• **Exercise brief**:
Write out exactly the lines below starting at the one containing "Gráfico 1. Evolución" and ending at the one containing "佐久間町になくてはならない物". Omit every picture.

• **The records**:
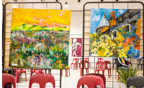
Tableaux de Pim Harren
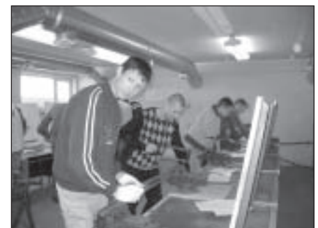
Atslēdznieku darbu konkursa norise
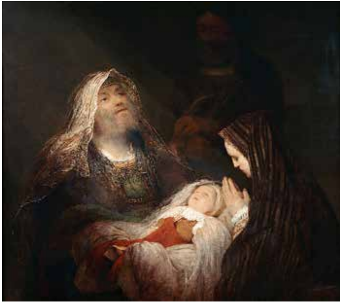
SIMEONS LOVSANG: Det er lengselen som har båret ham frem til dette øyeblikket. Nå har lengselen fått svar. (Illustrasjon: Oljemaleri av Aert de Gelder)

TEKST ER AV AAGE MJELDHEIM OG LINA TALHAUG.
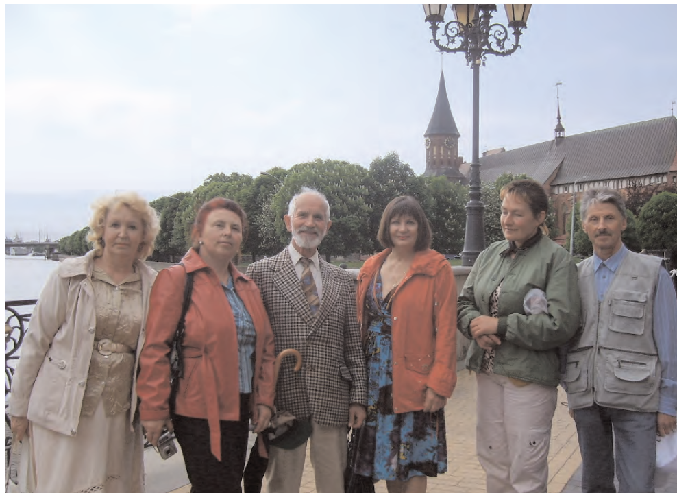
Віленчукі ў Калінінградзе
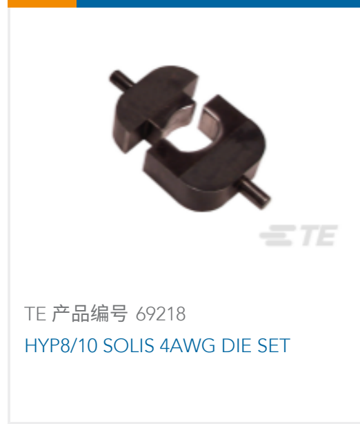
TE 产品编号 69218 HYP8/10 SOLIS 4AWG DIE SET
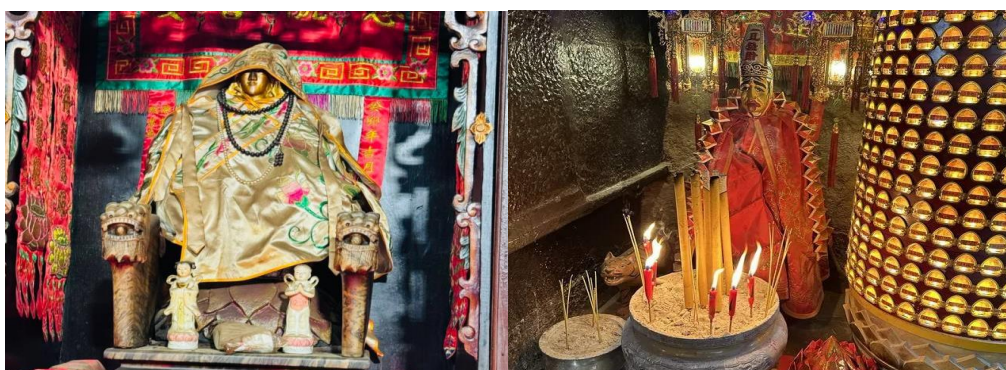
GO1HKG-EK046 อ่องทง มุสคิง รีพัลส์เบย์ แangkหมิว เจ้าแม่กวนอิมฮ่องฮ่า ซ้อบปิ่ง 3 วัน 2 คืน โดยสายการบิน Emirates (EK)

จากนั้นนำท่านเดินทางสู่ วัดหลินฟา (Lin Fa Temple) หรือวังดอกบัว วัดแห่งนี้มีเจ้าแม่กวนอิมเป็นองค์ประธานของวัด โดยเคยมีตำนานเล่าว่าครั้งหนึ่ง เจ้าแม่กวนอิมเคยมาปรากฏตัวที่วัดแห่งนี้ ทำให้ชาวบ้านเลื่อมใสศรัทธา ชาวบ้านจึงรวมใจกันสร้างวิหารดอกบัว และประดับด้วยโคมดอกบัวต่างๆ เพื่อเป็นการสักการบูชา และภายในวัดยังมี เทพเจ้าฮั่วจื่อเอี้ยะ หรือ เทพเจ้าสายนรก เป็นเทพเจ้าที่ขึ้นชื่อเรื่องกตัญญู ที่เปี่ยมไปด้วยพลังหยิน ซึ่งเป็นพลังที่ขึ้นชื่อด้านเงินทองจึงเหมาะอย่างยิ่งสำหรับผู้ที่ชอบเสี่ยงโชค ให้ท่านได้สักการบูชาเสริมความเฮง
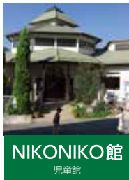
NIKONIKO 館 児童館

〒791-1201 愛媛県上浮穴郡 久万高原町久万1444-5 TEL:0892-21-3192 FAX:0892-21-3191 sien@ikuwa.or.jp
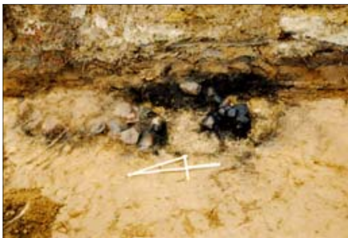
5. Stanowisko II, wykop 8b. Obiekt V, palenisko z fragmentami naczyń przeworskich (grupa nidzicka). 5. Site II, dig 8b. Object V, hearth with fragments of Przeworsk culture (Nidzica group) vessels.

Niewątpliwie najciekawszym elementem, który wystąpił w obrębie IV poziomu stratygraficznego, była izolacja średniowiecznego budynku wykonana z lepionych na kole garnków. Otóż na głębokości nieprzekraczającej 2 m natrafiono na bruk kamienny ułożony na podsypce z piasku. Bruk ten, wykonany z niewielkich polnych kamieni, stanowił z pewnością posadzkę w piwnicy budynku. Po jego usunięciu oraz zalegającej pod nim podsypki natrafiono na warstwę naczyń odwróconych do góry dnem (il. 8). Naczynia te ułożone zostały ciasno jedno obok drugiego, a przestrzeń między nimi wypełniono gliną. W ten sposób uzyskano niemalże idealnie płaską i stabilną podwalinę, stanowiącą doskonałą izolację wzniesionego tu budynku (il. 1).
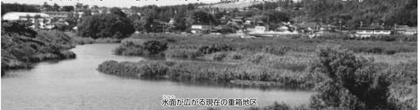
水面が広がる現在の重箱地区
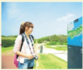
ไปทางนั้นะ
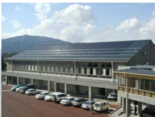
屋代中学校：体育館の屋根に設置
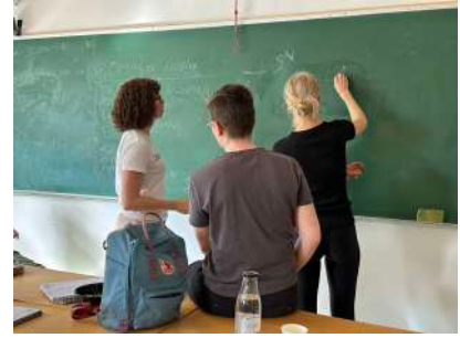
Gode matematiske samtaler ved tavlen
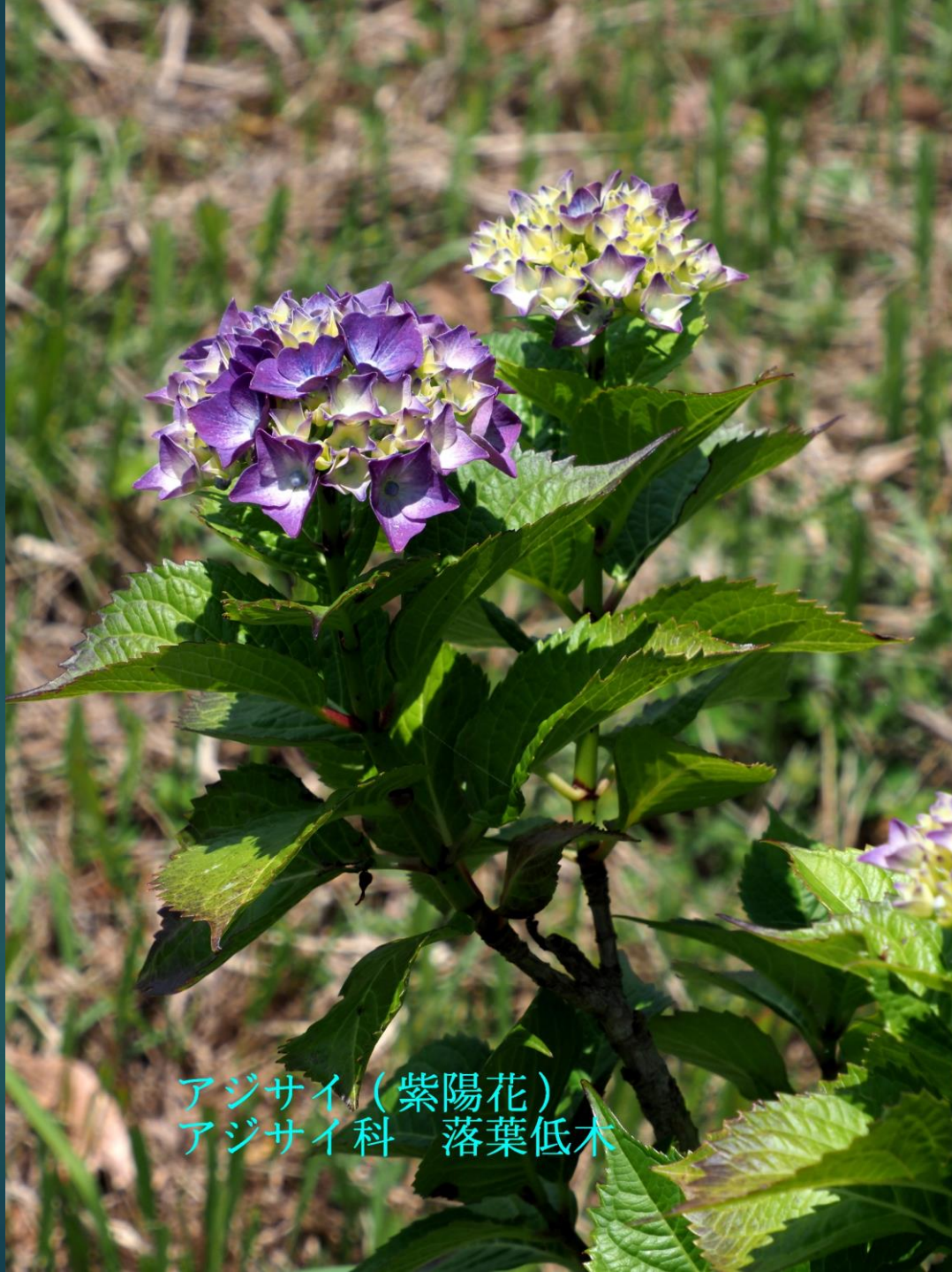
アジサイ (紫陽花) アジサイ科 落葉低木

==

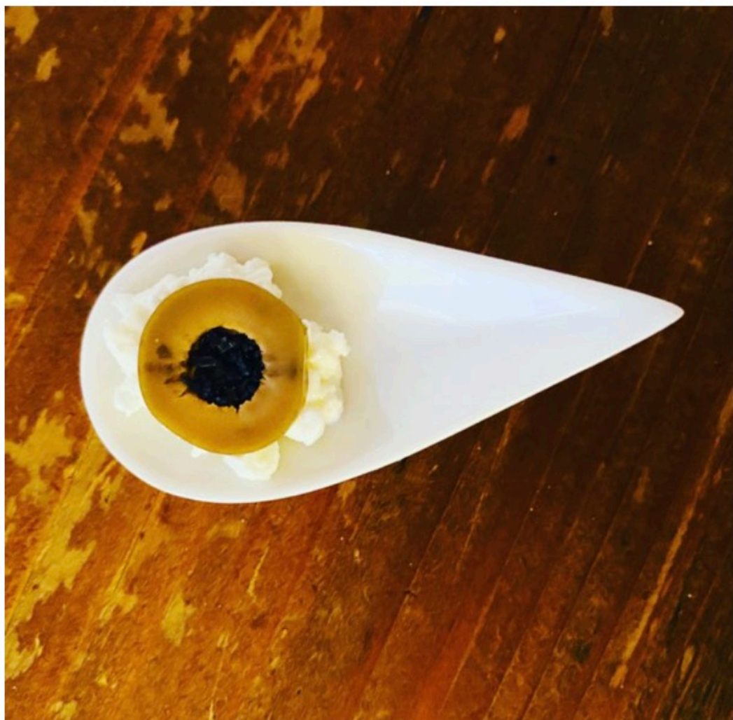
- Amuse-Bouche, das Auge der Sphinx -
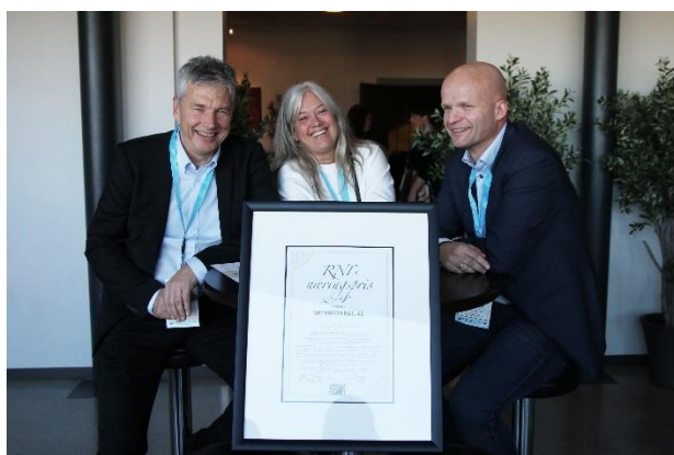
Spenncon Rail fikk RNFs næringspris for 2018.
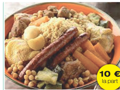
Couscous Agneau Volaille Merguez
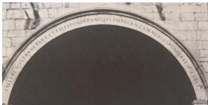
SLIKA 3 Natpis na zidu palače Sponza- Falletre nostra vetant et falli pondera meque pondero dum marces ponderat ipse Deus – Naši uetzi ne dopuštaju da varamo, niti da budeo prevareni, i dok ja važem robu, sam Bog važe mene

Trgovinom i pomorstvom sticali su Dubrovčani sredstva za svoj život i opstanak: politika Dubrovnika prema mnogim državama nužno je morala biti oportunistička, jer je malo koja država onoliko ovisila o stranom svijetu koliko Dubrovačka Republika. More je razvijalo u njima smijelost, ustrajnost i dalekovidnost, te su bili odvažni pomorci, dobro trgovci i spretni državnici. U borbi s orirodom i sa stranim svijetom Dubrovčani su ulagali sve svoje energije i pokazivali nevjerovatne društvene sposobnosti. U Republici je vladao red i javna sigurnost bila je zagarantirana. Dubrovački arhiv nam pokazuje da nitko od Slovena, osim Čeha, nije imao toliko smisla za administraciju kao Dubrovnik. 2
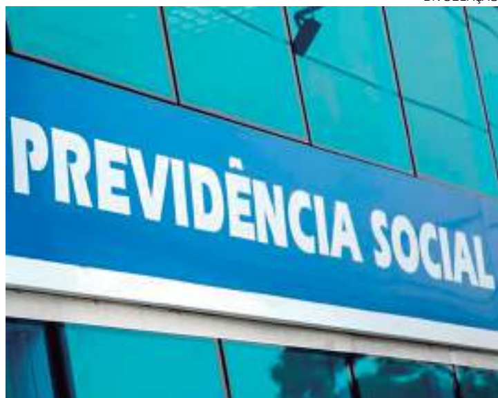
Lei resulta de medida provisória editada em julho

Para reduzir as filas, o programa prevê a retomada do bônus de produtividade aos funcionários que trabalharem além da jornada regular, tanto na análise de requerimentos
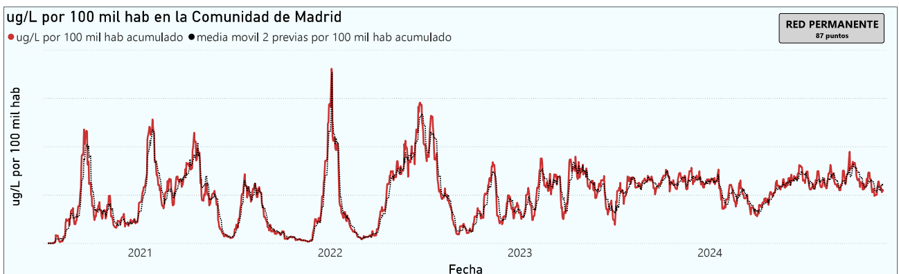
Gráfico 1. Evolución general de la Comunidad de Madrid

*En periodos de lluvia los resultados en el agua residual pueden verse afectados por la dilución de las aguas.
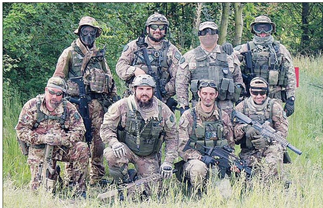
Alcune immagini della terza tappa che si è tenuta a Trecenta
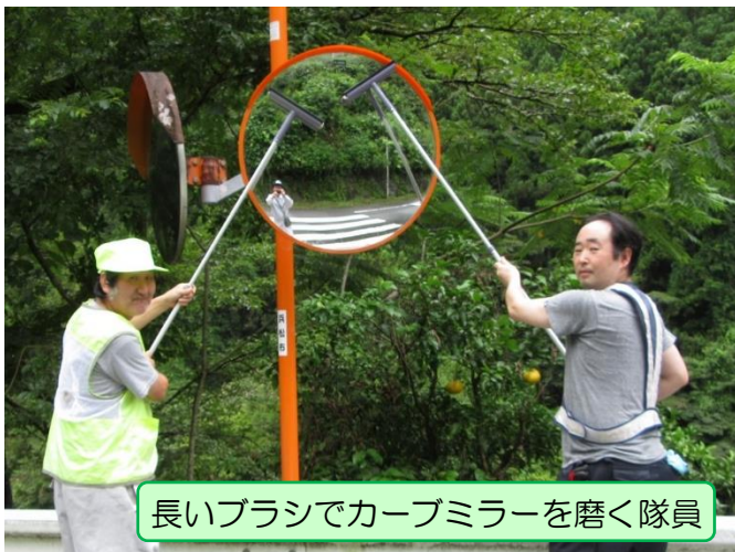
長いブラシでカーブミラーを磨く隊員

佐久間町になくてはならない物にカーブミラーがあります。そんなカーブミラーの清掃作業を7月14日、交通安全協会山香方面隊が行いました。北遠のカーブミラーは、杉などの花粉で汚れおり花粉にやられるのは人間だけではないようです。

• **Answer for this exercise**:
Gráfico 1. Evolución general de la Comunidad de Madrid

*En periodos de lluvia los resultados en el agua residual pueden verse afectados por la dilución de las aguas.
Alcune immagini della terza tappa che si è tenuta a Trecenta
長いブラシでカーブミラーを磨く隊員

佐久間町になくてはならない物にカーブミラーがあります。そんなカーブミラーの清掃作業を7月14日、交通安全協会山香方面隊が行いました。北遠のカーブミラーは、杉などの花粉で汚れおり花粉にやられるのは人間だけではないようです。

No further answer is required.